* [Action item]: What the task needs is the data below, written out verbatim.

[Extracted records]
BEGIN

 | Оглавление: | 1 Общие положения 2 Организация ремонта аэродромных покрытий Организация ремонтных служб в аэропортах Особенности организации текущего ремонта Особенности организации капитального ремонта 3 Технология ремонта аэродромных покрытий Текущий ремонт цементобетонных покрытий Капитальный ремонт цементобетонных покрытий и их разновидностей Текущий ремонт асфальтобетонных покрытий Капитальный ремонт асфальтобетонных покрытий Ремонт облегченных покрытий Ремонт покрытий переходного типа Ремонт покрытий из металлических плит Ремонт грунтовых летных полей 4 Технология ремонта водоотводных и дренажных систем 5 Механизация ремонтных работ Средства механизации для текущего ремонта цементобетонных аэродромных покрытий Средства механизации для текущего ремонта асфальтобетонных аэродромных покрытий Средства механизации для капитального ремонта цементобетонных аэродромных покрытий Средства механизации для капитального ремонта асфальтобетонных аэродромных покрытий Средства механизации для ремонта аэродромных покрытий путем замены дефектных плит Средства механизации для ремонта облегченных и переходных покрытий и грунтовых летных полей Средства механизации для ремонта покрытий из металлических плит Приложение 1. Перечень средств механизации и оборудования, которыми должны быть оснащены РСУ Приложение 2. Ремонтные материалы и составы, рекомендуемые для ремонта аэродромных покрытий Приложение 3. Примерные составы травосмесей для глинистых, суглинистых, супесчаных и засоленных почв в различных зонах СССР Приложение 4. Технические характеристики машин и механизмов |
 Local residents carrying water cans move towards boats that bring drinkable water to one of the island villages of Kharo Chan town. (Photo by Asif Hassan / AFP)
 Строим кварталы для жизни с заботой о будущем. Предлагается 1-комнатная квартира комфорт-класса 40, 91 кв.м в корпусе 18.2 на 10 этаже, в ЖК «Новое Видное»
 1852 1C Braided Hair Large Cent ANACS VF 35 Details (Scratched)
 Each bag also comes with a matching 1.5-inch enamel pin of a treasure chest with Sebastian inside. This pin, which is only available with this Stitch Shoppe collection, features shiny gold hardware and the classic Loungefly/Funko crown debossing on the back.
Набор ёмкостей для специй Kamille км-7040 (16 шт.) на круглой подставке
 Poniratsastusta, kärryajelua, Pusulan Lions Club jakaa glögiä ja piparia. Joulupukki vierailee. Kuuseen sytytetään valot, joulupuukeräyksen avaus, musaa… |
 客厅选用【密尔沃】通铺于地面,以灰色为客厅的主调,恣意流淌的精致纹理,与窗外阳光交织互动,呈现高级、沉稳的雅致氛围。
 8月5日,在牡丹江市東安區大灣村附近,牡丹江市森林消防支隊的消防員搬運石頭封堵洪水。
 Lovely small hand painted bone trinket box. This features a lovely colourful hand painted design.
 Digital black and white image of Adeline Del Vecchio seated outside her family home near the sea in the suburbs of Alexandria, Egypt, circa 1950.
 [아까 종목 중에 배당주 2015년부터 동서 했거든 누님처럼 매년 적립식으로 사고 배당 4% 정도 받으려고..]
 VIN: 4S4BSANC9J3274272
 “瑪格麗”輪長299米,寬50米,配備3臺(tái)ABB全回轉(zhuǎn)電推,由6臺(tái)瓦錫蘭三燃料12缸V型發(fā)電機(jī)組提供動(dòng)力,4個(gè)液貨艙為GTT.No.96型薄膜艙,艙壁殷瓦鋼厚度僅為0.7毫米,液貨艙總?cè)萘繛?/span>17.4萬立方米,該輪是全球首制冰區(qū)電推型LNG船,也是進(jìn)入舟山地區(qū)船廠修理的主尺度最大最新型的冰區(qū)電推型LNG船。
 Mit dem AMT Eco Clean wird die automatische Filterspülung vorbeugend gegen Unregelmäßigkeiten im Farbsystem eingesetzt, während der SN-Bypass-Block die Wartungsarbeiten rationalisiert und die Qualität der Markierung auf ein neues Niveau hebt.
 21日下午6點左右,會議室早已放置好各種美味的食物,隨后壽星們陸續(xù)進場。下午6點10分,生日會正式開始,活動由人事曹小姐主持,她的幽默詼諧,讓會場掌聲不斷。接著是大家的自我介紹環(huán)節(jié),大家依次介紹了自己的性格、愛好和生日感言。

END

* [The answer]:
 | Оглавление: | 1 Общие положения 2 Организация ремонта аэродромных покрытий Организация ремонтных служб в аэропортах Особенности организации текущего ремонта Особенности организации капитального ремонта 3 Технология ремонта аэродромных покрытий Текущий ремонт цементобетонных покрытий Капитальный ремонт цементобетонных покрытий и их разновидностей Текущий ремонт асфальтобетонных покрытий Капитальный ремонт асфальтобетонных покрытий Ремонт облегченных покрытий Ремонт покрытий переходного типа Ремонт покрытий из металлических плит Ремонт грунтовых летных полей 4 Технология ремонта водоотводных и дренажных систем 5 Механизация ремонтных работ Средства механизации для текущего ремонта цементобетонных аэродромных покрытий Средства механизации для текущего ремонта асфальтобетонных аэродромных покрытий Средства механизации для капитального ремонта цементобетонных аэродромных покрытий Средства механизации для капитального ремонта асфальтобетонных аэродромных покрытий Средства механизации для ремонта аэродромных покрытий путем замены дефектных плит Средства механизации для ремонта облегченных и переходных покрытий и грунтовых летных полей Средства механизации для ремонта покрытий из металлических плит Приложение 1. Перечень средств механизации и оборудования, которыми должны быть оснащены РСУ Приложение 2. Ремонтные материалы и составы, рекомендуемые для ремонта аэродромных покрытий Приложение 3. Примерные составы травосмесей для глинистых, суглинистых, супесчаных и засоленных почв в различных зонах СССР Приложение 4. Технические характеристики машин и механизмов |
 Local residents carrying water cans move towards boats that bring drinkable water to one of the island villages of Kharo Chan town. (Photo by Asif Hassan / AFP)
 Строим кварталы для жизни с заботой о будущем. Предлагается 1-комнатная квартира комфорт-класса 40, 91 кв.м в корпусе 18.2 на 10 этаже, в ЖК «Новое Видное»
 1852 1C Braided Hair Large Cent ANACS VF 35 Details (Scratched)
 Each bag also comes with a matching 1.5-inch enamel pin of a treasure chest with Sebastian inside. This pin, which is only available with this Stitch Shoppe collection, features shiny gold hardware and the classic Loungefly/Funko crown debossing on the back.
Набор ёмкостей для специй Kamille км-7040 (16 шт.) на круглой подставке
 Poniratsastusta, kärryajelua, Pusulan Lions Club jakaa glögiä ja piparia. Joulupukki vierailee. Kuuseen sytytetään valot, joulupuukeräyksen avaus, musaa… |
 客厅选用【密尔沃】通铺于地面,以灰色为客厅的主调,恣意流淌的精致纹理,与窗外阳光交织互动,呈现高级、沉稳的雅致氛围。
 8月5日,在牡丹江市東安區大灣村附近,牡丹江市森林消防支隊的消防員搬運石頭封堵洪水。
 Lovely small hand painted bone trinket box. This features a lovely colourful hand painted design.
 Digital black and white image of Adeline Del Vecchio seated outside her family home near the sea in the suburbs of Alexandria, Egypt, circa 1950.
 [아까 종목 중에 배당주 2015년부터 동서 했거든 누님처럼 매년 적립식으로 사고 배당 4% 정도 받으려고..]
 VIN: 4S4BSANC9J3274272
 “瑪格麗”輪長299米,寬50米,配備3臺(tái)ABB全回轉(zhuǎn)電推,由6臺(tái)瓦錫蘭三燃料12缸V型發(fā)電機(jī)組提供動(dòng)力,4個(gè)液貨艙為GTT.No.96型薄膜艙,艙壁殷瓦鋼厚度僅為0.7毫米,液貨艙總?cè)萘繛?/span>17.4萬立方米,該輪是全球首制冰區(qū)電推型LNG船,也是進(jìn)入舟山地區(qū)船廠修理的主尺度最大最新型的冰區(qū)電推型LNG船。
 Mit dem AMT Eco Clean wird die automatische Filterspülung vorbeugend gegen Unregelmäßigkeiten im Farbsystem eingesetzt, während der SN-Bypass-Block die Wartungsarbeiten rationalisiert und die Qualität der Markierung auf ein neues Niveau hebt.
 21日下午6點左右,會議室早已放置好各種美味的食物,隨后壽星們陸續(xù)進場。下午6點10分,生日會正式開始,活動由人事曹小姐主持,她的幽默詼諧,讓會場掌聲不斷。接著是大家的自我介紹環(huán)節(jié),大家依次介紹了自己的性格、愛好和生日感言。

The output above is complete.